**Source data:**
--

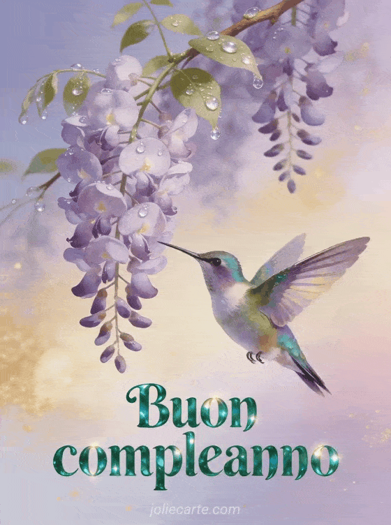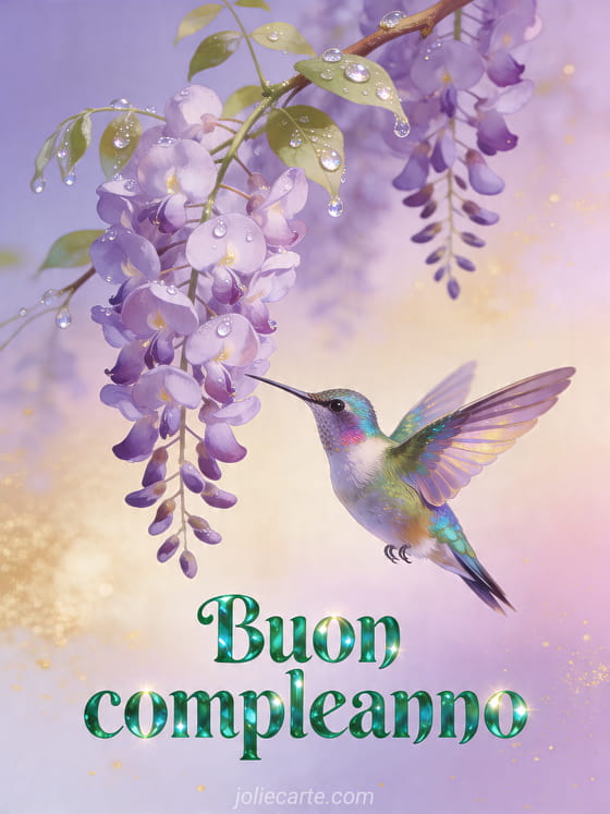 Condividi un luminoso buon compleanno con questa delicata cartolina con un colibrì iridescente accanto a un glicine in cascata. Puoi anche scoprire una cartolina animata gratis compleanno fiori, un dromedario biglietto compleanno animato gratis musicale via sms o una candelina compleanno gif animata.
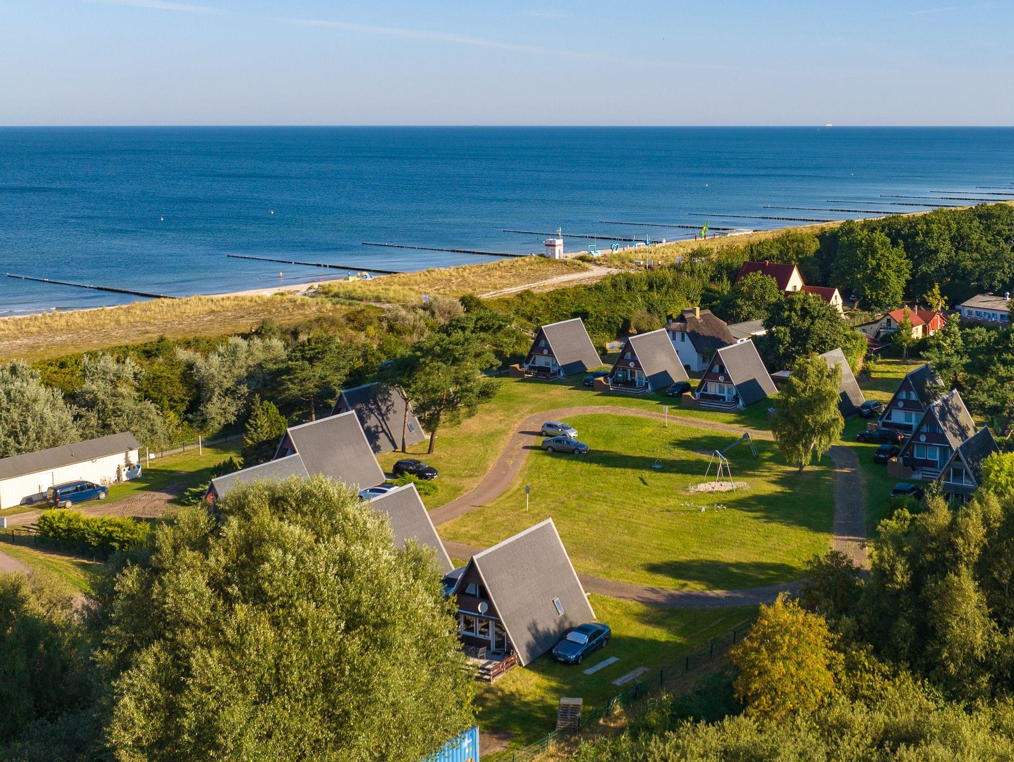 Jede Hütte verfügt über eine eigene, südwärts gerichtete Terrasse, auf der man die frische Meeresluft genießen kann. Die Lage inmitten der Natur bietet Ruhe und Erholung, während man dennoch in kurzer Entfernung zu den wichtigsten Sehenswürdigkeiten ist. Ein idealer Ort, um dem Alltag zu entfliehen und die Schönheit der Ostseeküste zu erleben. Ein Kinderspielplatz befindet sich mittig auf der Anlage.
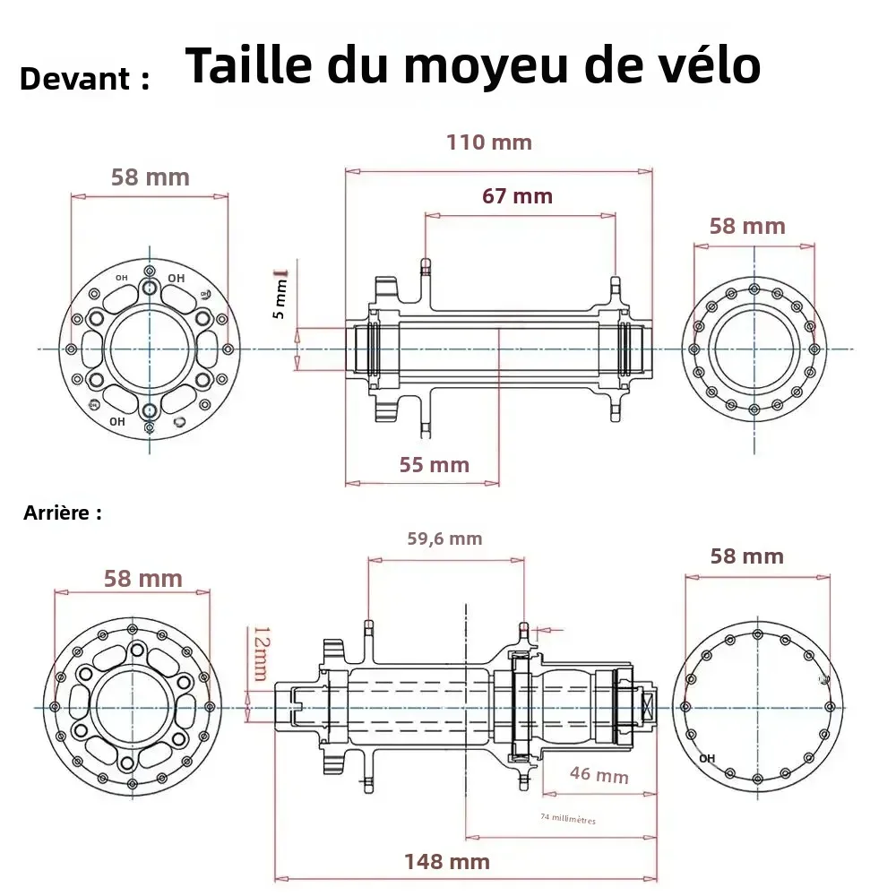 Veuillez noter que la taille d'ouverture du cadre arrière est de 148 mm. La taille de la fourche avant est de 110 mm

--

Type out the data above again exactly as written, minus the images.

**Result for this exercise:**
 Condividi un luminoso buon compleanno con questa delicata cartolina con un colibrì iridescente accanto a un glicine in cascata. Puoi anche scoprire una cartolina animata gratis compleanno fiori, un dromedario biglietto compleanno animato gratis musicale via sms o una candelina compleanno gif animata.
 Jede Hütte verfügt über eine eigene, südwärts gerichtete Terrasse, auf der man die frische Meeresluft genießen kann. Die Lage inmitten der Natur bietet Ruhe und Erholung, während man dennoch in kurzer Entfernung zu den wichtigsten Sehenswürdigkeiten ist. Ein idealer Ort, um dem Alltag zu entfliehen und die Schönheit der Ostseeküste zu erleben. Ein Kinderspielplatz befindet sich mittig auf der Anlage.
 Veuillez noter que la taille d'ouverture du cadre arrière est de 148 mm. La taille de la fourche avant est de 110 mm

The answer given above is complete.